In 1947 Norwegian explorer Thor Heyerdahl (Pål Sverre Hagen), together with five other men, crossed the Pacific ocean in a balsa wood raft to prove that, even back in pre-Columbian times, South Americans had the wherewithal to cross the sea to be the first to settle on Polynesian islands.

This historical drama from directing duo Joachim Rønning and Espen Sandberg (Max Manus: Man of War, Bandidas, and the upcoming production of Pirates of the Caribbean: Dead Men Tell No Tales) tells the story of the legendary explorer who, when the scientific community rejected his theory, resolves to prove its validity and save his reputation by embarking on the voyage himself.

Kon-Tiki recreates the adventure, from the origin of his idea, the gathering of financing for the trip with loans and donations, the recruiting of a group of five men bold enough to tackle the supposedly impossible trip, the building of a simple raft to original pre-Columbian specifications, and the epic 101 day-long journey across 8,000 kilometers of unpredictable ocean while the world watched and waited in awe.

Kon-Tiki co-stars Anders Baasmo Christiansen, Gustaf Skarsgård, Odd Magnus Williamson, Tobias Santelmann, and Jakob Oftebro. It was nominated this year for Best Foreign Language Feature Film Oscar. The scenes at sea were shot on the open ocean rather than on a set for greater verisimilitude.

Video: 2.40:1. Audio: DTS-HD Master Audio 5.1. Extras:Kon-Tiki: The Incredible True Story” and “Visual Effects” featurettes; DVD. Studio: Anchor Bay.

Pain & Gain

This, the latest action movie from director Michael Bay (Bad Boys, The Rock, Armageddon), is based on the say-it-aint-so true story of the Sun Gym gang. Daniel Lugo (Mark Wahlberg), bodybuilder and successful personal trainer in a Miami, Florida gym, works hard for his sculpted physique and believes he deserves more for his efforts. So he recruits fellow trainer Adrian (Anthony Mackie), who’s suffering from steroid-induced impotence, and fellow employee Paul (Dwayne “The Rock” Johnson), a cocaine-addicted ex-convict, to help him snatch client Victor (Tony Shalhoub), a super-rich braggart entrepreneur, to force him to surrender all his assets to them.
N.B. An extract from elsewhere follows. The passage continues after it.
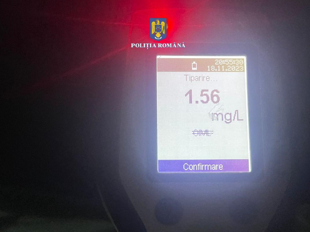 În urma testării conducătorului auto cu aparatul etilotest, a fost indicat un rezultat cu o valoare de 1,56 mg/l alcool pur în aerul expirat, bărbatul fiind condus la spital pentru recoltarea de probe biologice.

But this crime-comedy story of the pursuit of the American Dream, material obsession, and being all that you can be ends up as a true tale of torture and attempted murder.

Eventually, the Sun Gym gang blows the murder and the money and soon has a retired private investigator Ed Du Bois, III (Ed Harris) hot on their trail. So they decide to do the logical bodybuilder thing  — repeat — planning another kidnapping and murder.

Pain & Gain co-stars Rob Corddry, Anthony Mackie, and Rebel Wilson, and Rebel Wilson.

Video: 2.40:1. Audio: DTS-HD Master Audio 7.1. Extras: none; DVD and digital copy. Studio: Paramount.